Lentamente, a garota abaixou a cabeça; assim como Lucius, que se calou após jogar aquela bomba. Alícia também não conseguia mais fazer contato visual.

— Que ideia de girico é essa, Lucius? Tá viajando na batatinha? — Luminas, abraçada a Alícia, então notou as feições caídas no rosto da amiga. — Pera aí, vocês… estão falando sério?

Alícia mexeu seus lábios, mas as palavras se recusaram a sair, faltava coragem para tal. Seu coração por pouco beirou uma parada cardíaca, o que ela agradeceria.

Nada a livraria da miséria de sua mentira. Ainda que perdesse cabeça e coração, ela retornaria à vida e seria obrigada a receber o desprezo e a aversão de quem um dia já foi um de seus amigos.

Segurou o soluço na garganta.

Já estava tudo acabado, sempre esteve. Foi ingenuidade dela querer fugir enquanto ainda podia manter as boas lembranças que construiu com aquelas pessoas.

Sem um lugar para ir. Sem um rumo para seguir. Sem amigos para retornar. Desde cedo, a vida sempre insistiu em querer apagar qualquer lampejo de felicidade que ousasse brilhar em sua frente.

— Me perdoe por isso — pediu Lucius, o que pegou tanto Alícia quanto Luminas com a guarda baixa. Aquele Lucius era mesmo capaz de pedir perdão a um nefilim? — A história se repete pra mim, heim?

Levantou seu rosto em direção ao teto, onde podia vislumbrar os dias em que a Longinus se manteve afastada dele por causa de sua personalidade inflexível.

Mais doloroso foi se lembrar de quando encontrou Raizel no primeiro dia do Sojourner, de quando falou que alguém como ele nunca deveria ter nascido.

Aquele “alguém como ele” estava bem ao seu lado na hora e o considerava como amigo. Pensar no quanto tais palavras poderiam ter machucado Alícia…

“O que foi… O que foi que eu fiz?”

Mais um pouco e, então, Alícia se afastaria dele pelo mesmo motivo que a Longinus o rejeitou por tanto tempo.

O maior problema era que, daquela vez, não havia nenhuma profecia para que os dois se acertassem e ficassem bem.

— O pedido de sair da Academia de Batalha Behemoth — retomou a palavra antes das meninas — cancele ele, hoje.

Hã? — Engasgaram em uníssono, as duas garotas. — M-Mas eu…

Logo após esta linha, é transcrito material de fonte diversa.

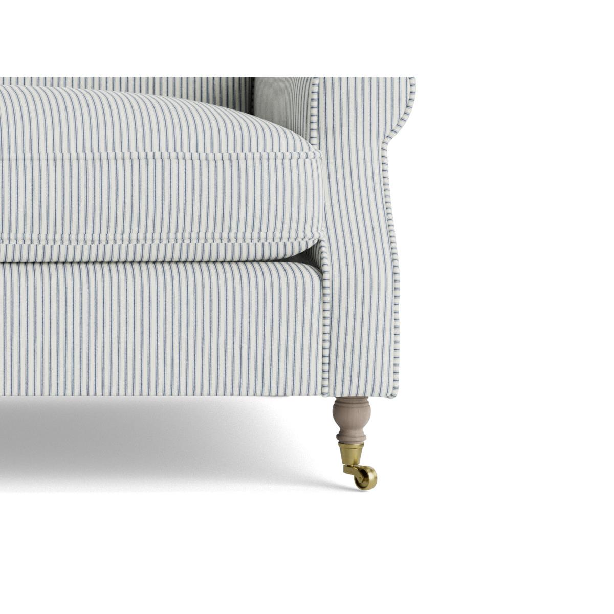 The star of our Annecy collection, the sofa is sophistication itself. A tailored back provides firm support while the base cushions have a foam and feather fill for a squishy inviting seat. P-shaped arms are neatly piped for a premium finish and turned wooden legs on castors provide an extra touch of elegance. The sofa is available as a two or three seater option and the Annecy range also includes an armchair and an ottoman. Pictured here in our blue and white stripe material, our Annecy collection can be upholstered in a choice of distinctive shades and fabrics to suit your style. Read our Upholstery FAQs View our full Upholstery Terms and Conditions

Lucius voltou a encará-la com empatia, e o pequeno coração de Alícia se aqueceu mais uma vez. Talvez, só talvez, ela já não estivesse mais tão sozinha naquele caminho árduo.

Ainda assim, de todas as Academias de Batalha, permanecer logo na Behemoth poderia ser arriscado, caso alguém mais soubesse sobre sua real natureza.

— Seu segredo, sua mentira, está tudo seguro com a gente. — Fitou sua parceira, ainda incrédula com a postura anormal dele. — Ninguém aqui vai abrir a boca sobre isso. Certo, Luminas?

— Mas é claro! Nós somos seus amigos. — A Garota deitou seu queixo no ombro Alícia e a abraçou, calorosa, pela cintura. — Pode contar com a gente, tá?

O peso do medo diminuiu sobre os ombros da jovem Nefilim Primordial, que sentiu seus pés flutuarem no chão. Sem notar, as palavras saíram fluidas pela sua boca.

— Eu vou ficar. — Chorosos, com inéditas lágrimas de alegria, os olhos de Alícia já falavam por ela mesma. — Eu quero… ficar… de verdade.

O corpo da pobre garota tremia entre os braços de Luminas, mas o coração batia seguro em seu peito.

Da mesma forma, um alívio incomum preencheu a alma de um tenjin que jamais pensou mentir pelo bem da existência vil de um nefilim.